NEURAL NETWORK TO IDENTIFY KEY POINTS OF THE HUMAN POSE IN PHYSIOTHERAPY REHABILITATION OF GAIT

REGISTRO DOI: 10.5281/zenodo.8044461


R. B. Sanchez1,2,3,4,
J. C. L. Fernandes1,4,
M. A. Bissaco¹,
S. R. M. S. Boschi¹,
T. A. Scardovelli¹,
A. P. da Silva¹,
S. C. Martini¹


This work proposes a digital system with cloud neural network with video acquisition to obtain key points of the human pose in patients undergoing physiotherapy rehabilitation of lower limbs in gait mobility, allowing agility in the records, minimizing measurement errors, analysis clinical condition, and the exchange of information between professionals in the field, resulting in a shared knowledge base. A digital camera, 1080p and 60fps, used parallel to the ground, with height adjustment (0.6 to 2.4m), 1.5m from the analysis field (3x3m to 3x10m) is used for measurement, rehabilitation or walking procedures. Values manually entered by the physiotherapist are applied for calibration and definition of limits for comparison with the data obtained by the system. In relation to the current ones, the advantage is given by digitally obtaining anatomical points and body segments while in manuals they allow greater error and too much time in this collection.

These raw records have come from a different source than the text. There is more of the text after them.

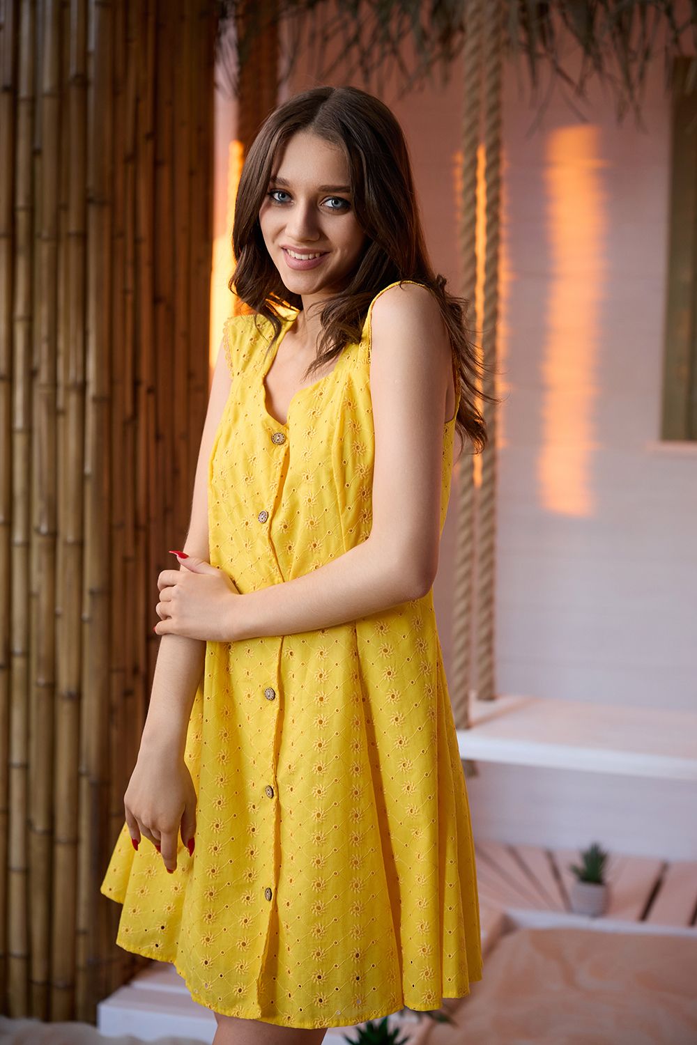 Сарафан приталенный, расклешенный к низу, на бретелях, с V-образной горловиной спереди, длиной выше колена. Застежка на пуговицы. Внутри сарафан на хлопковой подкладке, благодаря которой верхний слой ткани не просвечивает
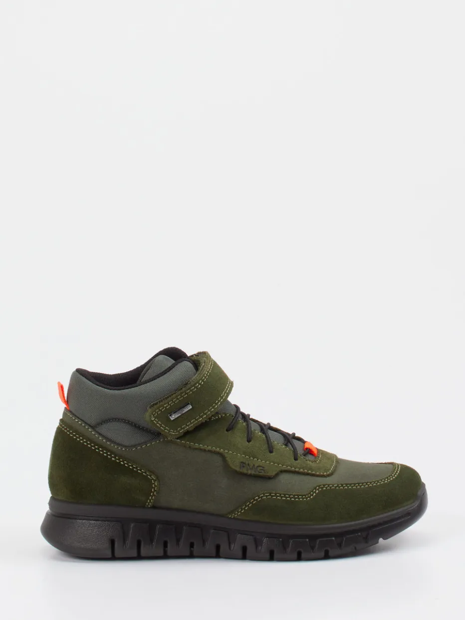 Bereit für Entdeckungstouren.Primigi präsentiert hier einen funktionalen Mid-Cut Sneaker für Kinder. Ideal für aktive Tage im Freien: Das Modell kombiniert strapazierfähiges Veloursleder mit textilem Einsatz zu einem robusten Materialmix. Das olivgrüne Obermaterial wird durch Kontrastnähte in Gelbgrün und orangefarbene Details betont. Der Mix aus Schnürung und Klettverschluss erleichtert das An- und Ausziehen, während reflektierende Logoelemente für Sichtbarkeit sorgen. Eine griffige Gummisohle bietet zuverlässigen Halt auf unterschiedlichen Untergründen. Inspiriert vom Gorpcore-Stil passt der Schuh auch zur heutigen Streetwear. Zuverlässige Passform mit funktionellen Highlights – für kindgerechtes Outdoor-Design von Primigi.
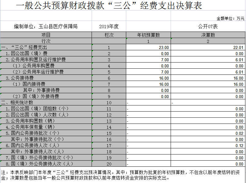 玉山縣醫療保障局2019年度一般公共預算財政撥款“三公”經費支出決算表
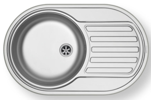 Ανοξείδωτος ένθετος νεροχύτης, μία γούρνα με ποδιά αντιστρεφόμενος, INOX Σατινέ PYRAMIS μοντέλο: SR Mini (76,5X48). Οι ανοξείδωτοι νεροχύτες PYRAMIS είναι κατασκευασμένοι, αποκλειστικά και μόνο, από άριστης ποιότητάς ατσάλι (CrNi 18/10), τύπου AISI 304. Το άριστης ποιότητας ανοξείδωτο υλικό είναι κατάλληλο για επαφή με τρόφιμα. Παρουσιάζει εξαιρετική αντοχή σε ισχυρά οξέα όπως το νιτρικό οξύ, σε αλκαλικά διαλύματα καθώς και σε διαλύματα οργανικών και ανόργανων αλάτων, ώστε ο νεροχύτης να παραμένει αναλλοίωτος για μια ζωή.
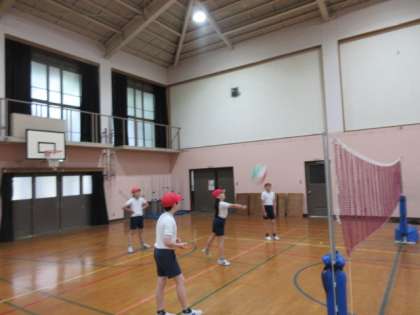 体育の学習で、ソフトバレーボールがはじまりました。ボールつなげるために、ポジションを工夫しながらゲームを進める5年生。ミスしてもお互いに励まし合いながら、楽しい雰囲気で活動しています。
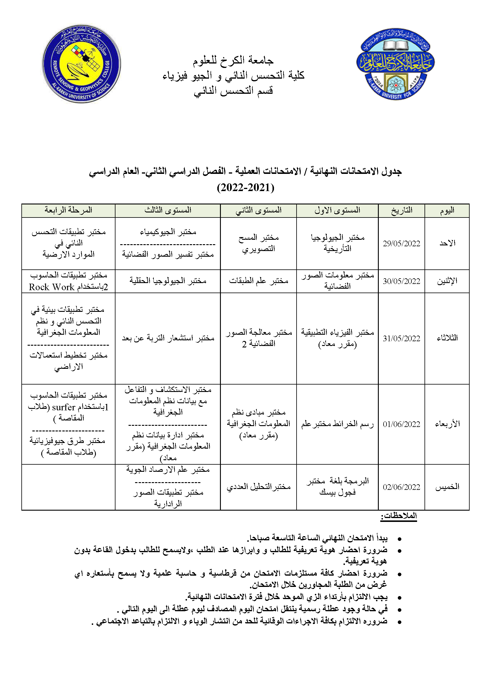 لطلبة قسم التحسس النائي في كليتنا للمستويات كافة – الاول – الثاني – الثالث – الرابع

The system is an auxiliary tool for the physiotherapist to supply the manual limitation and sharing, with agility among professionals, historical data and qualitative analyzes that accurately generate a patient profile and allow the adaptation of the procedures applied with agility, since it provides an immediate graphic analysis.

Introduction: In Brazil, the “2010 Census Booklet for People with Disabilities” [1] by the Brazilian Institute of Geography and Statistics (IBGE), launched by the Human Rights Secretariat of the Presidency of the Republic in 2012, says that about 45,606,048 Brazilians, 23.9 % of the total population, have some type of disability, of which the visual represents 18.6% of the population, with the greatest impact, followed by the motor that reaches 7% of the population.

Motor or physical disability is a complete or partial limitation of the functioning of parts of the human body, easily identified in the lower and upper limbs and classified according to neurological or muscular origin, which requires from the health area several treatment methods characterized by the degree of severity of the disorder, the great challenge for physiotherapy being the solution to problems of functional mobility, with rehabilitation being a time-consuming procedure that performs several repetitive functions, however daily several new techniques appear in the rehabilitation process [2-6].

The human body is a single complex structure formed by different structures subject to being affected by different types and degrees of injuries [7], where individual treatments have a high operational cost [8] that has been replaced by collective sessions with groups of patients , however, biomechanics depends on experimental results, where the acquisition of values ​​is a concern of the applied methodologies [9], which can be obtained with techniques such as kinematics, electromyography, dynamometry and anthropometry [10, 11], considering the complexity to obtain biomechanical parameters that allow defining anthropometric models that will be used by kinematics [12], in which two images are sufficient for one model, one in the sagittal plane and one in the frontal plane [13].

Methods: The digital system was developed with the resources shown in software and hardware implementation, in which it was applied for tests with volunteers present at the Polyclinic of the University of Mogi das Cruzes (UMC), according to authorization with a signed Authorization Term of Co-Participating Institution (TAIC) by the Polyclinic Coordinator Dr. Melquiades Machado Portela, in which they were separated into a Control Group (CG) with healthy participants and an Experimental Group (EG) of patients with reduced mobility of the lower limbs due to neurological and / or muscle (orthopedic) trauma, but that allow rehabilitation procedures. All participants complete the Free and Informed Consent Form (ICF) and the Term of Use of Voice Image and Sound.

The digital system with the digital camera in 1080p and 60fps used parallel to the ground, with height adjustment (0.6 to 2.4m), 1.5m from the analysis field (3x3m to 3x10m), performs the measurement of the patient standing or walking through the demarcated area , used for measurement, rehabilitation or walking procedures, through computer vision with machine learning identifying and recreating key points and body segments from pre-trained models that will be analyzed with a convolutional neural network without the need for markers on the skin

To enable the application and functionality of the developed digital system, two bases of pre-trained models were used, the MPII Human Pose Dataset which produces 15 key points in the human body [14] and the COCO CAFFE model which produces 18 points. An important feature of these models is that they were trained with Convolutional Neural Networks (CNN), which favors the application, as it allows to recognize patterns [15], the machine learning being defined by the variation of the parameters associated with the variables and by its architecture and structure allow multi-layer training [16].

CNN are generally the most efficient for image and object recognition applications, allowing to apply in the recognition and classification of images of the human body [17], where VGGNet for human can recognition has advantages for having a deeper structure and small nuclei with an improved recognition rate in relation to other neural networks, including VGGNet was the CCN used in the MPII and COCO Caffee models, extracting the confidence and affinity maps for key points [18-21].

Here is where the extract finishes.